To solve this inequality, we first need to convert the expression involving the cube root of 5 to a fractional exponent:
1/3√5 = 5^(1/3)
Now, the inequality becomes:
25^(-2x/5) > 5^(1/3)
Next, we can rewrite 25 and 5 in terms of the same base (5):
5^2 = 25
(5^2)^(-2x/5) > 5^(1/3)
Using the properties of exponents, we can simplify further:
5^(-4x/5) > 5^(1/3)
Now, we can equate the exponents:
-4x/5 > 1/3
Multiplying both sides by 5 to get rid of the fraction:
-4x > 5/3
Dividing by -4 to isolate x:
x < -5/12
Therefore, the solution to the inequality is x < -5/12.

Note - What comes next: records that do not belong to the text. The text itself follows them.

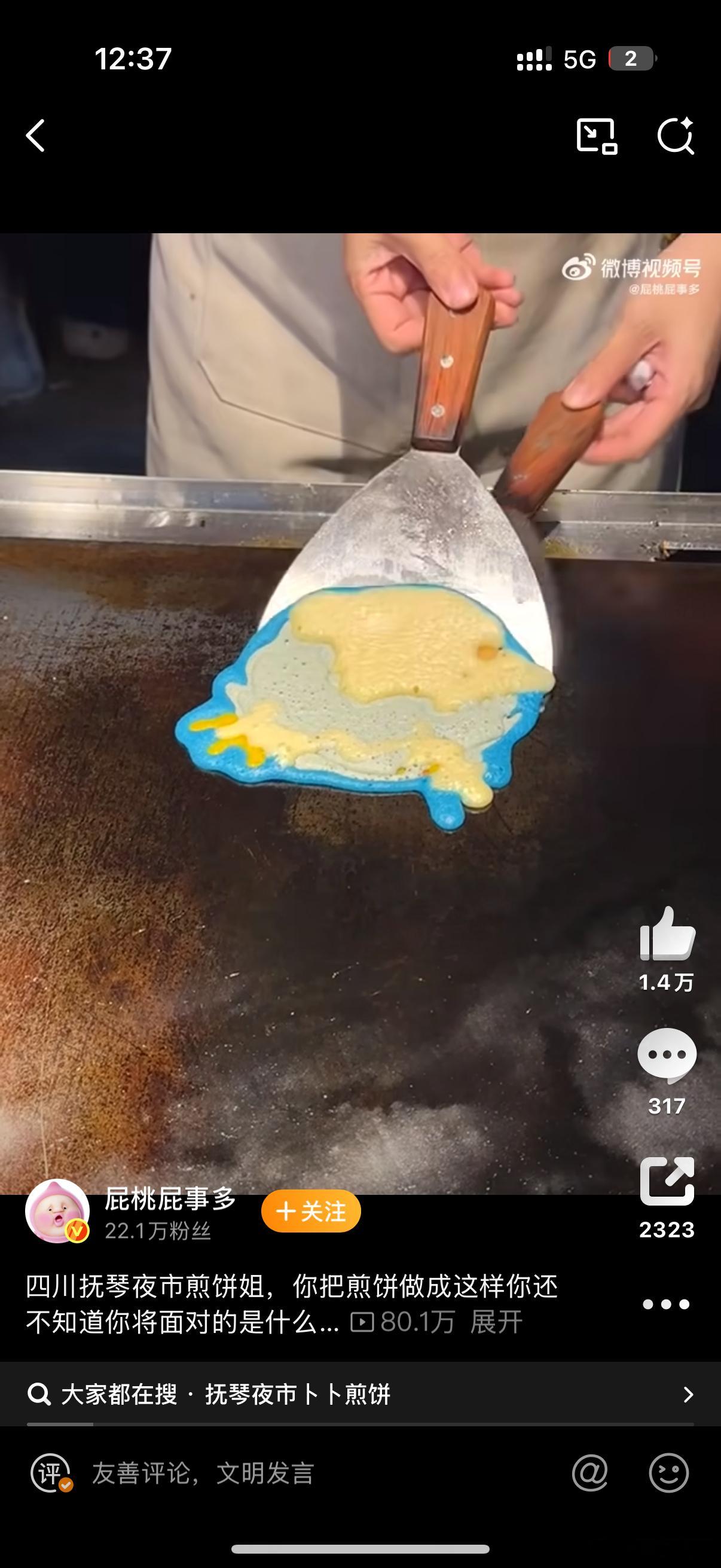四川抚琴夜市火了!煎饼姐弃教从摊,铁板作纸、酱汁为墨,应援煎饼又美又香,打卡队伍排不停。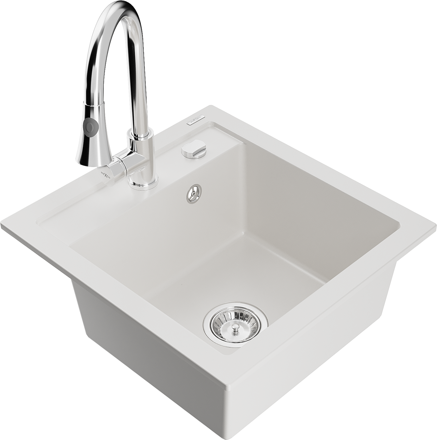 Mexen Vito granīta izlietne ar vienu nodalījumu un virtuves krānu Elia, balta - 6503-20-670101-00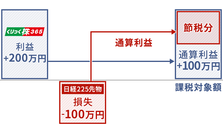 譲渡益を計算するときに「くりっく株365」は、「くりっく365」や取引所以外のFX(為替証拠金取引)、日経225先物といった証券先物取引、商品先物取引等との損益を差し引き計算することができます。これを損益通算といいます。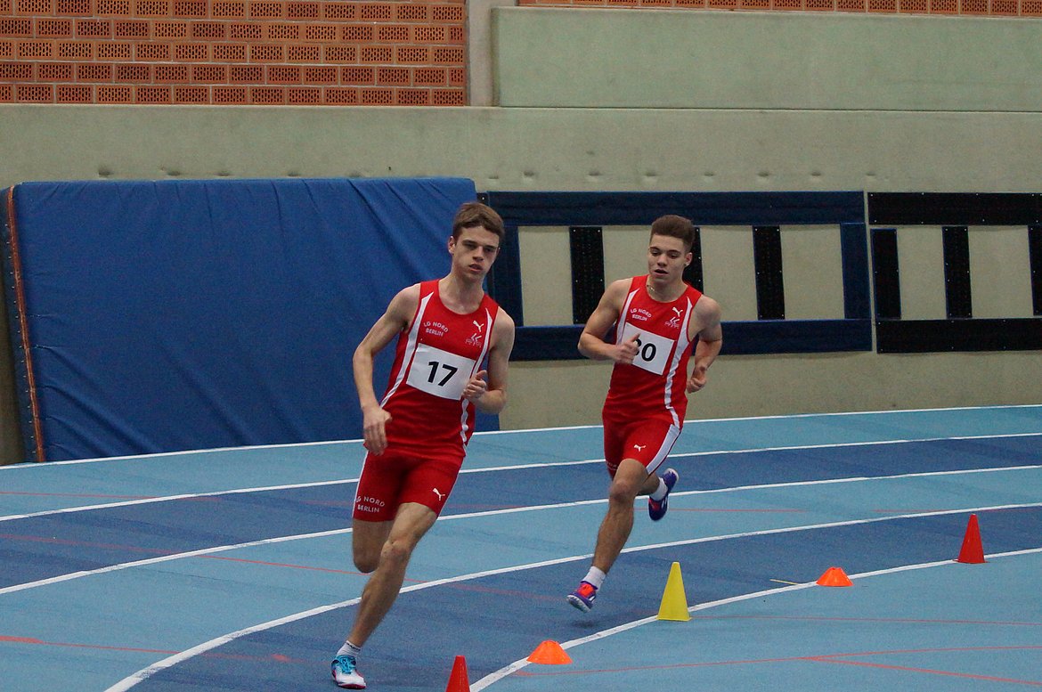Den einzigen norddeutschen Titel an diesem Wochenende konnte Thilo Brill (97) in der U20 auf seiner Spezialstrecke über 1500m beisteuern. Von Anfang bestimmte Thilo die Renngestaltung von der Spitze weg und enteilte mit Trainingskamerad Manuel Walicki (98) zunächst dem Feld. Ab 1200m drehte Thilo die letzten anderthalb Runden dann alleine und gewann ungefährdet in 3:58,64min. Manuel musste noch etwas Fersengeld geben und wurde am Ende in 4:05,32min noch auf den Bronzerang verdrängt.
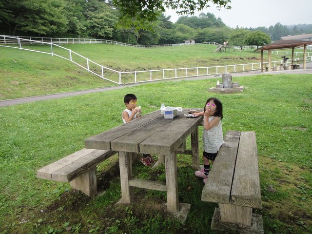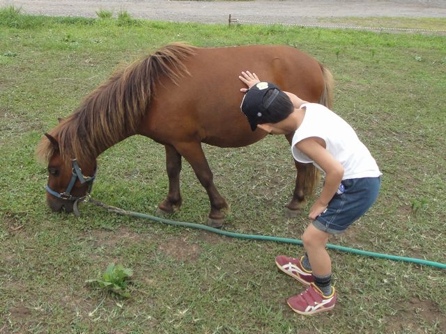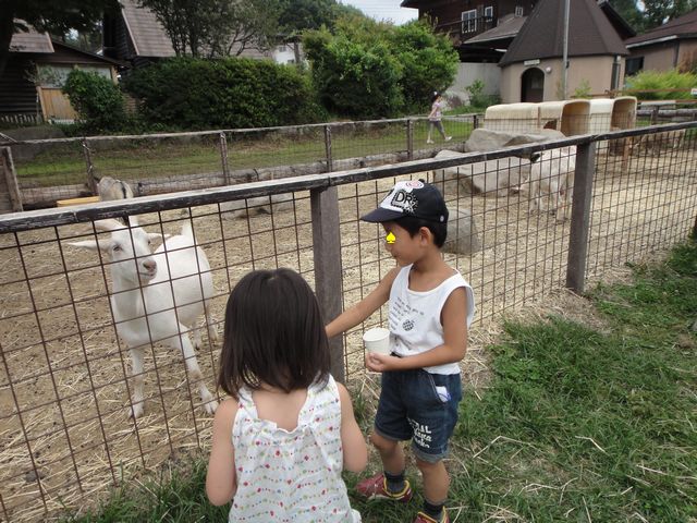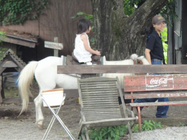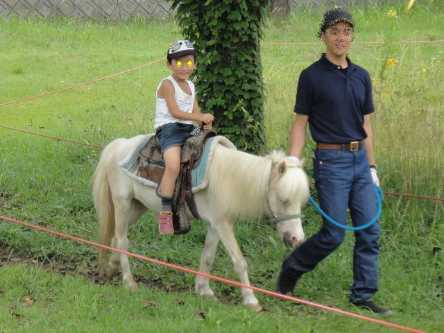 道の駅に寄ってからは八ヶ岳ウェスタン牧場に行きました。《とり》も《いぬ》もほとんどこわがることなくヤギ・ポニー・羊に寄って行きます。そして、動物のえさを買って、餌やりを思う存分楽しんでいました。餌やりが終わってからはポニーに乗りました。《とり》も《いぬ》も何度も乗ったことがあるのでかなりリラックスした様子で乗っていました。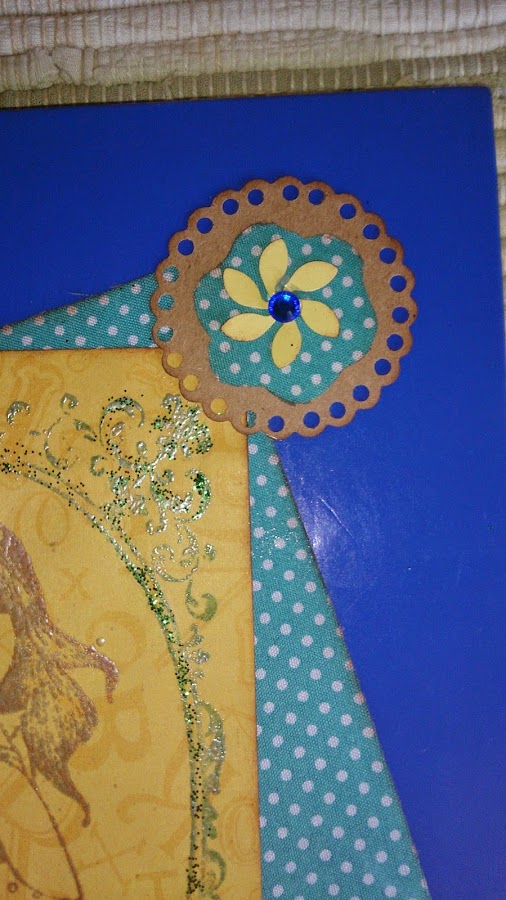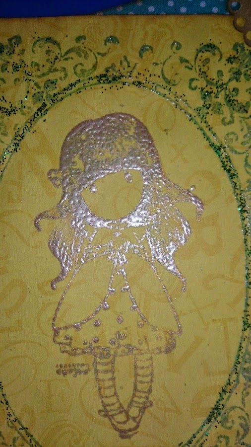 Estampé en un papel Scrap el sello de la muñequita Gorjous y practiqué un embossing en caliente sobre la figura y quedó una muñequita brillante y cuquísima. Le añadí a la libreta las letras troqueladas de Ainhoa en madera de pino y decoradas con purpurina verde sobre una tela adhesiva de topitos en color fondo azul turquesa que resaltaba sobre el azul oscuro de la libreta. Y por último le añadí una flor troquelada con un brillante azul oscuro.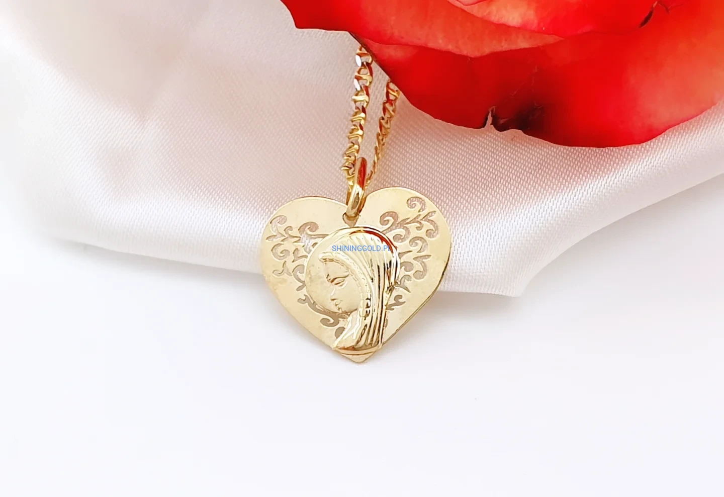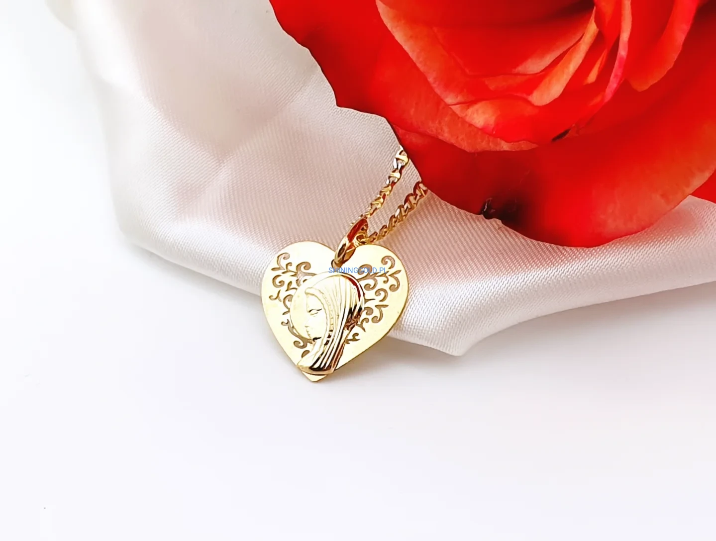 Złota zawieszka serce z Matką Boską (369.WS)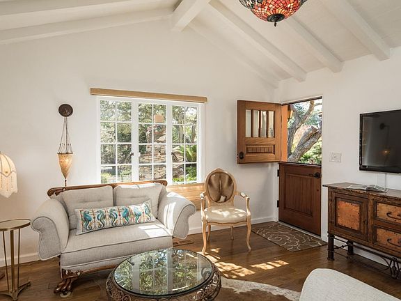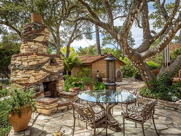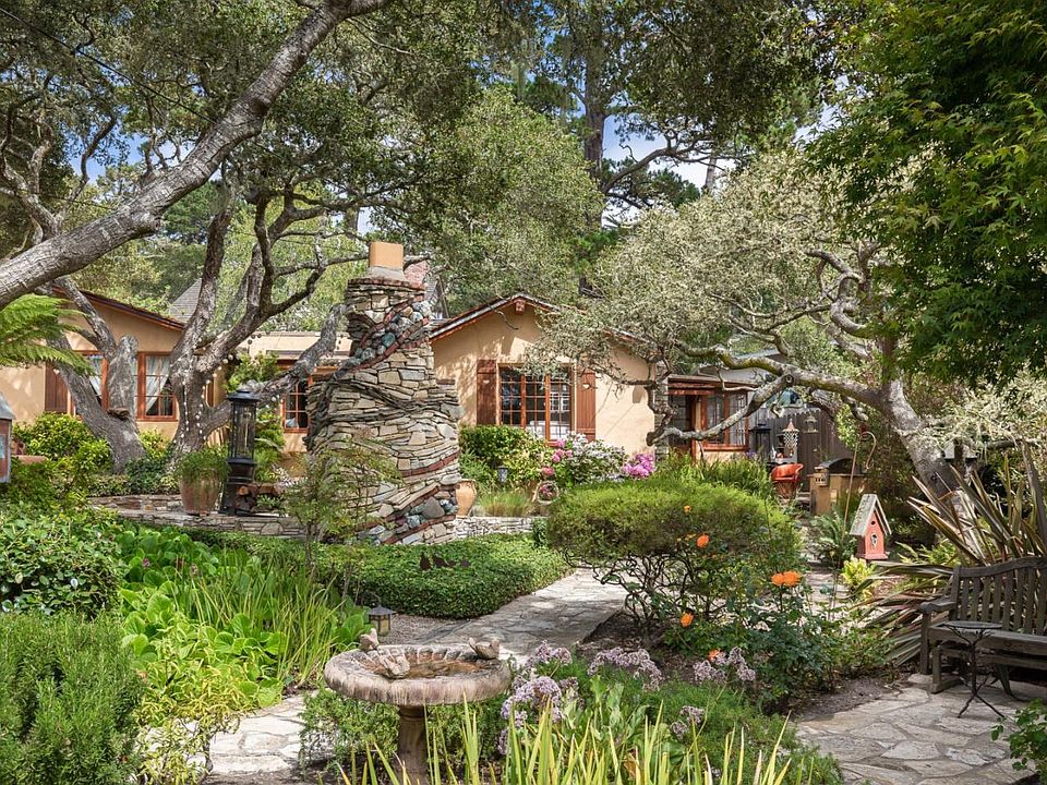 Sea Dreams- A Quintessential Carmel Garden Cottage. Enter through the idyllic front gate where a truly magical property awaits you. Meandering Carmel stone pathways wind through mature gardens and a uniquely whimsical outdoor stone fireplace featured in "Carmel's Fairy Tale Cottages". Savor morning coffee or sunset wine on this captivating stone patio, perfect for al fresco dining. Built in the 1930's, this light filled 2-bedroom 2 bath home sits back on the oversize lot, enhancing your privacy and relaxation. Adjacent to the charming breakfast nook, the tastefully updated kitchen includes a farm sink, marble countertops, Viking stove and oven, Bosch dishwasher and Fisher Paykel refrigerator. New Hickory hardwood flooring in the living room, kitchen and bedrooms, as well as a custom Dutch front door add to the enchanting cottage appeal. A detached one car garage, new wood shake roof and separate laundry room round out this unique opportunity to own a piece of Carmel's history.

To solve this inequality, we first need to convert the expression involving the cube root of 5 to a fractional exponent:
1/3√5 = 5^(1/3)
Now, the inequality becomes:
25^(-2x/5) > 5^(1/3)
Next, we can rewrite 25 and 5 in terms of the same base (5):
5^2 = 25
Now, the inequality becomes:
(5^2)^(-2x/5) > 5^(1/3)
Using the properties of exponents, we can simplify further:
5^(-4x/5) > 5^(1/3)
Now, we can equate the exponents:
-4x/5 > 1/3
Multiplying both sides by 5 to get rid of the fraction:
-4x > 5/3
Dividing by -4 to isolate x:
x < -5/12
Therefore, the solution to the inequality is x < -5/12.